The premise is simple: There’s technology out there that could give either faction the power to control a Death Star. As part of the technology race, players will need to gather as-yet-undisclosed amounts of resources. As the race heats up, Imperial and Rebel players will meet up at the city of Restuss for an epic battle to determine who controls the technology. Something will go wrong, and the city will be destroyed in the process. The aftermath will provide players of levels 60 through 90 with the quest content they’ve been lacking.

I enjoy it when developers take existing content and change it. LucasArts hopes the destruction of the city will give the players the feeling they’ve changed the environment, but I’m not sure about that; it sounds like no matter, what the city is getting destroyed. While the players will provide the trigger for this, it’s not as if they’ll be able to destroy every city.

The Restuss Incident is the best shot at giving the Galactic Civil War a boost. Even in SWG’s heyday, the GCW was a poorly implemented afterthought. Setting up the stage for the showdown will prove both whether LucasArts can invigorate the GCW, and if players actually want to do the war. They’ve built it, and now, it’s up to the players to come.

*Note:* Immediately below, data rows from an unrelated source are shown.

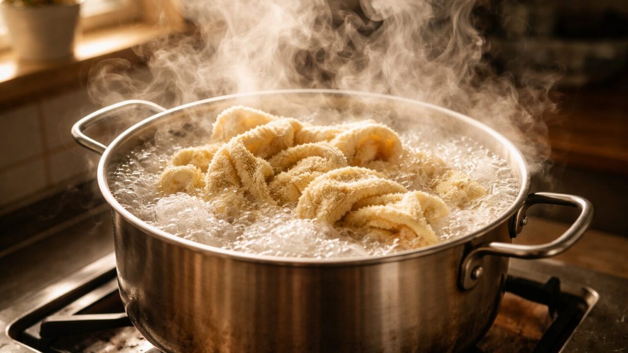 ただし、高温に耐えられない化学繊維(ポリエステルやナイロンなど)が含まれているタオルは変形や縮みの原因になるため、必ず「綿100%」のタオルで行ってください。手間はかかりますが、茹で上がったタオルのお湯が茶色く濁るのを見れば、その効果に驚愕するはずです。
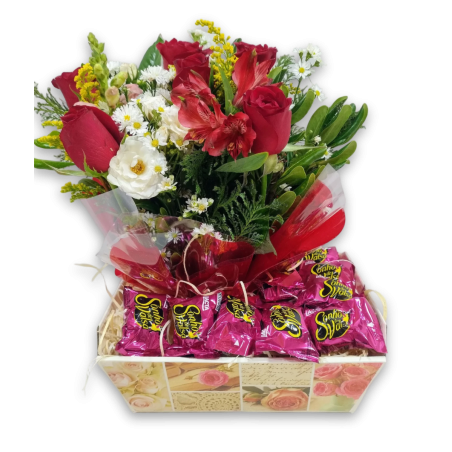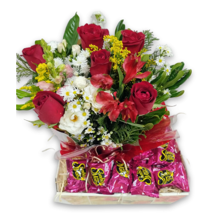 Cesta com arranjo com 6 rosas e 10 bombons sonho de valsa ou ouro branco.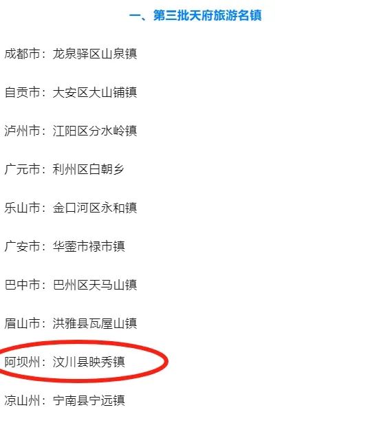 成为新一批天府旅游名镇?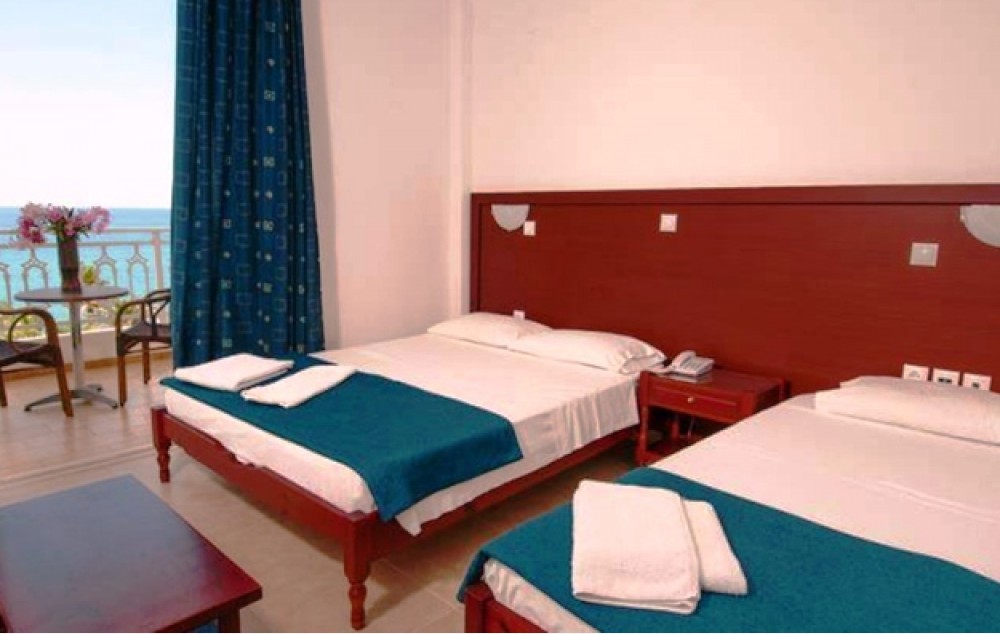 Double Room Side Sea View- – oko 18-23m2 sa bočnim pogledom na more. Sobe su komforne i opremnjene su sa francuskim ili dva odvojena kreveta. Namenjene za 2-3 osobe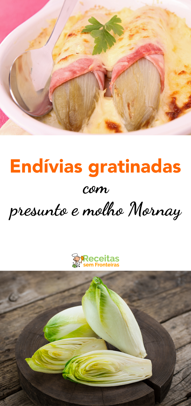 Montagem: enrole as endívias nas fatias de presunto, coloque num refratário. Cubra com o molho Mornay e salpique o queijo Gruyère ralado. Leve para gratinar por 30 minutos.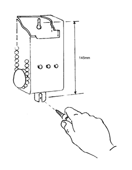 Hold the controller in position on the wall with the chain over the wheel (Do not add tension to the chain). Now mark the wall at the mid position of the U bracket on the bottom of the controller as shown on the diagram below.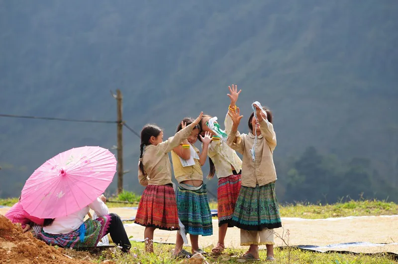 | The little ethnic girls in Moc Chau Plateau in Son La, northwest province of Vietnam. Photo: Lam Linh |

The unfortunate side effect of the NGE is that traders got run out of business. Prior the NGE, most items in the game would decay, so you’d have to go back to the trader to replenish the item. LucasArts eliminated item decay in the NGE, causing uproar in the trader community, and for good reason — what’s the use in making items no one is going to buy? Another one of LucasArt’s goals this year is to help out the traders. The plan right now is to allow them to alter a looted item to make it better. I don’t think that’s enough, as it’s still going to be a one-time sale. I think the only way to really save the trader classes is to put item decay on death back in the game.

In-game events that are the precursor to the Restuss Incident went live the week of June 26th. I’m hoping that it’s the first step in making Star Wars Galaxies fun again.